How to use prior_aux autoscale=FALSE?

liztighe · March 21, 2019, 6:12pm

OS: Ubuntu 18.0.4.2
rstanarm: 2.18.2

I’m trying to shift from rstan to setting up models using rstanarm, multilevel logistic regressions, observations nested within counties. We typically use the cauchy distribution for variance parameters. I’ve tried using prior_aux=cauchy(0, 2.5, autoscale=FALSE) and it does not appear to work … checking priors with prior_summary displays only the intercept, coefficients and covariance. checking the model code that is generated, it appears the model uses the gamma distribution for variance parameters?

Any tips/suggestions would be much appreciated!

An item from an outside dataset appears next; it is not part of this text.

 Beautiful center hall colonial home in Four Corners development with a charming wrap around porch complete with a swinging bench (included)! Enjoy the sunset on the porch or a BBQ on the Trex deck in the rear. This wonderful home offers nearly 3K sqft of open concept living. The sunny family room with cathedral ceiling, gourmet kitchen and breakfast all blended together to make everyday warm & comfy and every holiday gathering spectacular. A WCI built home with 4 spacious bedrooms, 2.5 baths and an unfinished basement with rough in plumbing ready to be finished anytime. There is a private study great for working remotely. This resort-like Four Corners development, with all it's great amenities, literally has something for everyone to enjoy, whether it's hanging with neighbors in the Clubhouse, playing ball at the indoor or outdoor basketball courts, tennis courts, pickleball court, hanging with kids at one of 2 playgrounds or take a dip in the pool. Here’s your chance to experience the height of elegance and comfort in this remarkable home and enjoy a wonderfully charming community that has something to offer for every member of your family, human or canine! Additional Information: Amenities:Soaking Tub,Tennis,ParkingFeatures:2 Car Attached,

prior_test <- stan_glmer(y ~ femf + (1|agef) + (1|eduf) +
                          (1|racf) + (1|cntyf),
                          data=nysubdat, family=binomial("logit"),
                          chains=1, iter=500)


prior_summary(prior_test)

Priors for model 'prior_test'
------
Intercept (after predictors centered)
 ~ normal(location = 0, scale = 10)

Coefficients
 ~ normal(location = 0, scale = 2.5)

Covariance
 ~ decov(reg. = 1, conc. = 1, shape = 1, scale = 1)

test_no_autoscale <- update(prior_test,
                          prior = normal(0, 5, autoscale=FALSE),
                          prior_intercept=normal(0, 10, autoscale=FALSE),
                          prior_aux=cauchy(0, 2.5, autoscale=FALSE))

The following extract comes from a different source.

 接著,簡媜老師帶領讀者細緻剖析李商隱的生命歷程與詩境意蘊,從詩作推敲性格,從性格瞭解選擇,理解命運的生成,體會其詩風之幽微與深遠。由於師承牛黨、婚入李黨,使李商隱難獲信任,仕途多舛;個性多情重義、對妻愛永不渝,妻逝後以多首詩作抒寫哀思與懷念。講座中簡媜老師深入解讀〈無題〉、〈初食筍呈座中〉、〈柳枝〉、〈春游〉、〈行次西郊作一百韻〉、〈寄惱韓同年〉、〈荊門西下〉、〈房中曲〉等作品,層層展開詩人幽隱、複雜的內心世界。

prior_summary(test_no_autoscale)

Priors for model 'test_no_autoscale'
------
Intercept (after predictors centered)
 ~ normal(location = 0, scale = 5)

Coefficients
 ~ normal(location = 0, scale = 5)

Covariance
 ~ decov(reg. = 1, conc. = 1, shape = 1, scale = 1)
 
test_no_autoscale$stanfit@model_pars
 [1] "gamma"           "z_beta"          "z_beta_smooth"   "smooth_sd_raw"
 [5] "global"          "local"           "caux"            "mix"
 [9] "one_over_lambda" "z_b"             "z_T"             "rho"
[13] "zeta"            "tau"             "beta"            "beta_smooth"
[17] "smooth_sd"       "b"               "theta_L"         "mean_PPD"
[21] "alpha"           "lp__"

bgoodri · March 21, 2019, 6:51pm

The prior on the measurement error in the observed outcomes should be half-Cauchy although it does not seem to be reflected in the prior_summary. The variance in the group-level parameters across groups is not half-Cauchy and actually its family cannot be changed, but there are arguments to decov to change the hyperparameters. That prior is a scaled simplex on the variances (not the standard deviations).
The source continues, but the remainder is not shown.